The objective of this project is to predict salary based on information collected from these job roles 2 years ago. With this data set I aim to help those like myself who are looking for one of these job roles and try and bring all the needed information in one place so that others could use it too. I also aim to find the trends on how the pay changes based on the company size, location, etc. I are looking to answer the following questions:

• The best jobs and salaries in the desired location across the US

• What kind of companies best fit my skillset?

• What are the companies looking for in an ideal candidate?

• How many job roles are currently available in the market?

Data Description:

The data set consists of 4 CSV files which consist of information related to Data Scientists, Data Analyst, Data Engineers and Business Analyst. Each of these CSV files contain the job role, salary, job description and location for each company.

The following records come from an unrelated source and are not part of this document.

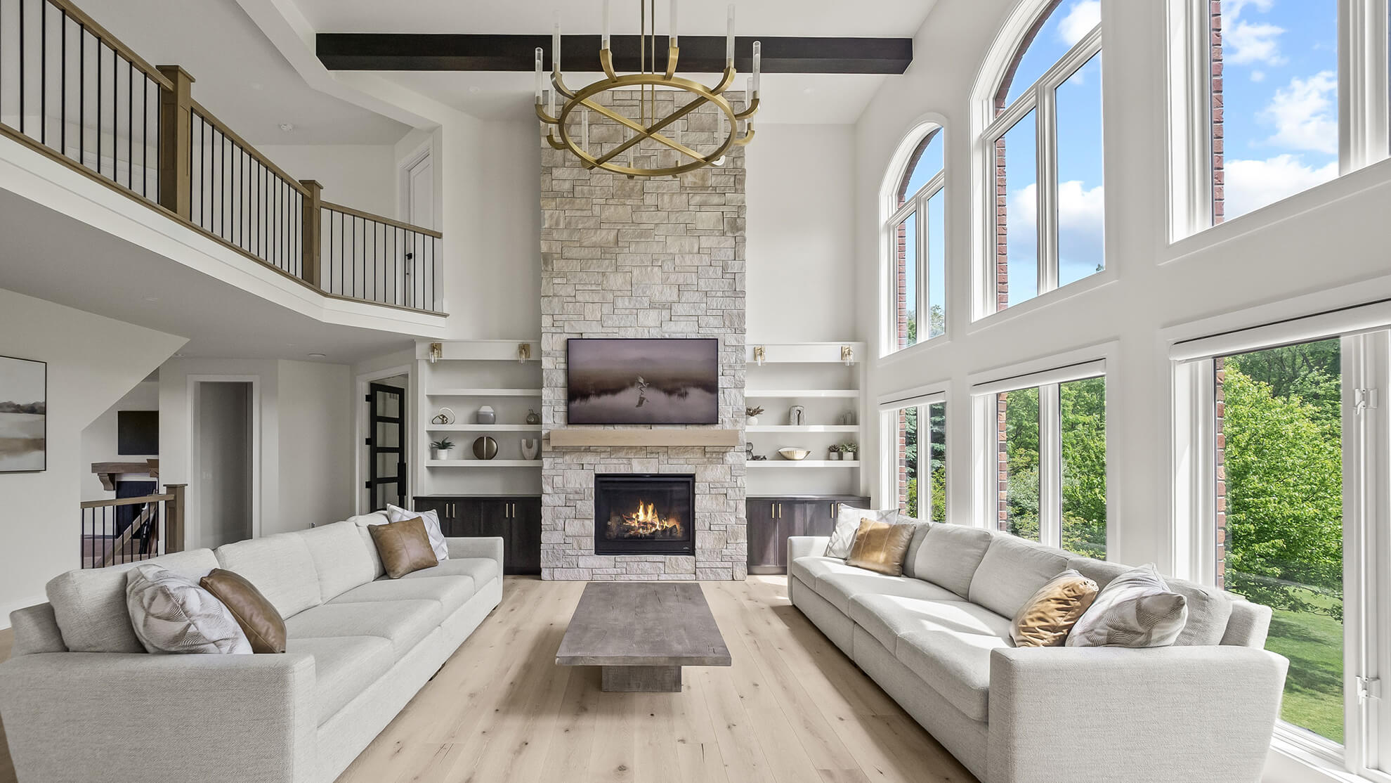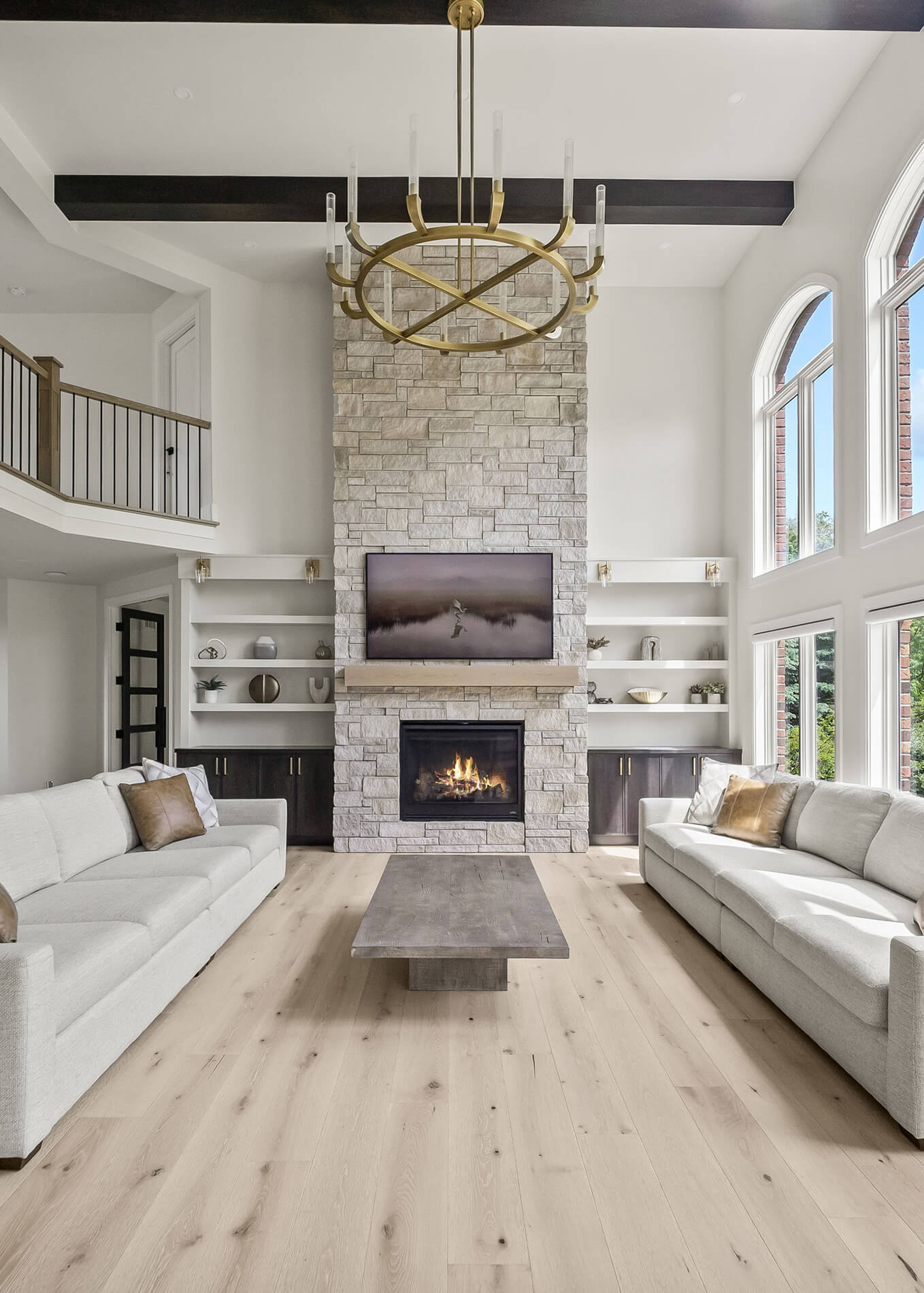 In the family room, we carried the “Onyx” stained finish on Maple from the kitchen wood hood to the base cabinetry with the Parker door style, flanking the fireplace, and paired it with “Canvas” painted shelves. The stone fireplace surround echoed the kitchen’s quartz tones, tying the two spaces together beautifully.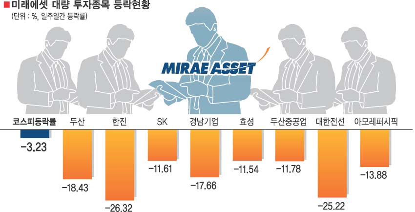 올 들어 미래에셋자산운용이 대량(5%) 보유했다고 밝힌 21개 종목은 지난 일주일간 평균 9.56% 떨어졌다. 같은 기간 동안 코스피 하락률 3.23%의 3배 수준이다. 종목별로 보면 한진이 26.32%, 대한전선이 25.22%, 두산이 18.43%씩 떨어졌다. 미래에셋 펀드 수익률에 적신호가 켜졌다.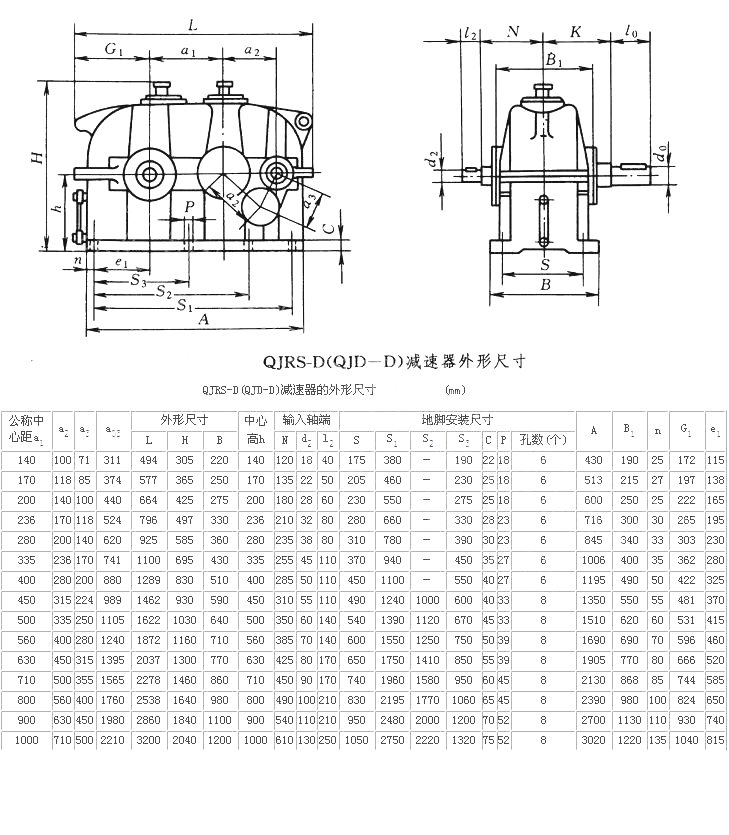 | QJRS-D中硬齒面減速機圖紙尺寸 |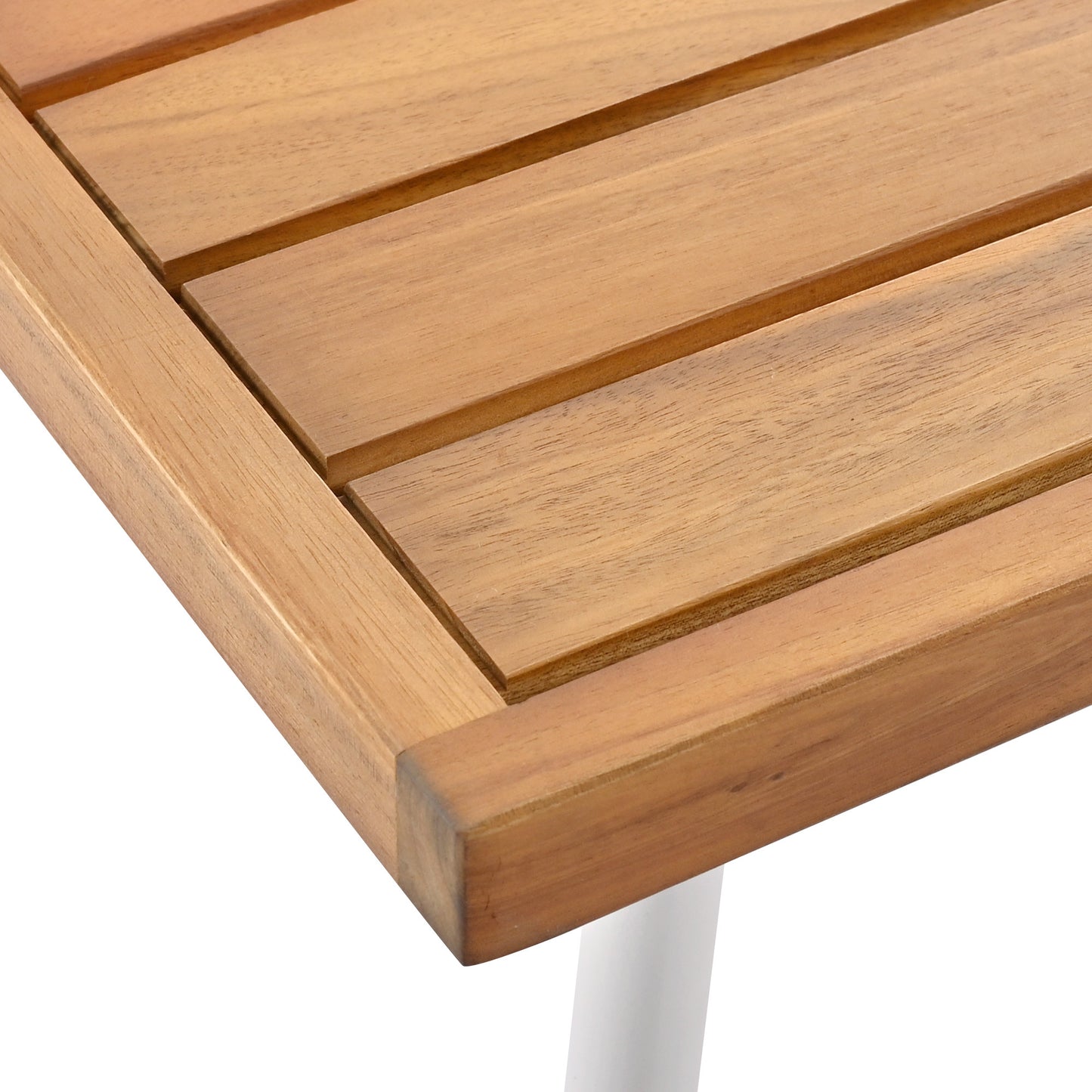 The coffee table in our patio furniture set is Made with acacia wood that brings a sleek and exotic look to your space, this durable hardwood naturally withstands outdoor elements and will not darken over time. Acacia wood is perfect as a solid, heavy frame that resists wear and tear.

Using matplotlib and seaborn I would be creating useful insights on these profiles and using NumPy, pandas, sklearn and a couple of other packages I would analyze and predict the salary.

  • Platform : Jupyter Notebook
  • Programming Languages : Python
  • Python Libraries : numpy, pandas, matplotlib, plotly, seaborn, numpy, scipy, statsmodels, sklearn, math, wordcloud

 

Key Highlights-

Bar Plot of Underpaid and High-paid Data Scientists in US

Job Titles vs Salaries Errorbar

Salary Variation with “Machine Learning” on Title

Salaries vs Keywords Barplot

Wordmap of Hot Keywords in DS Job Descriptions

Bar Plot of Top 10 States Hiring Data Scientist

Coefficient Bar of Salary Performance against Average

Data Science Job Salary Impact Map (Final Regression Result)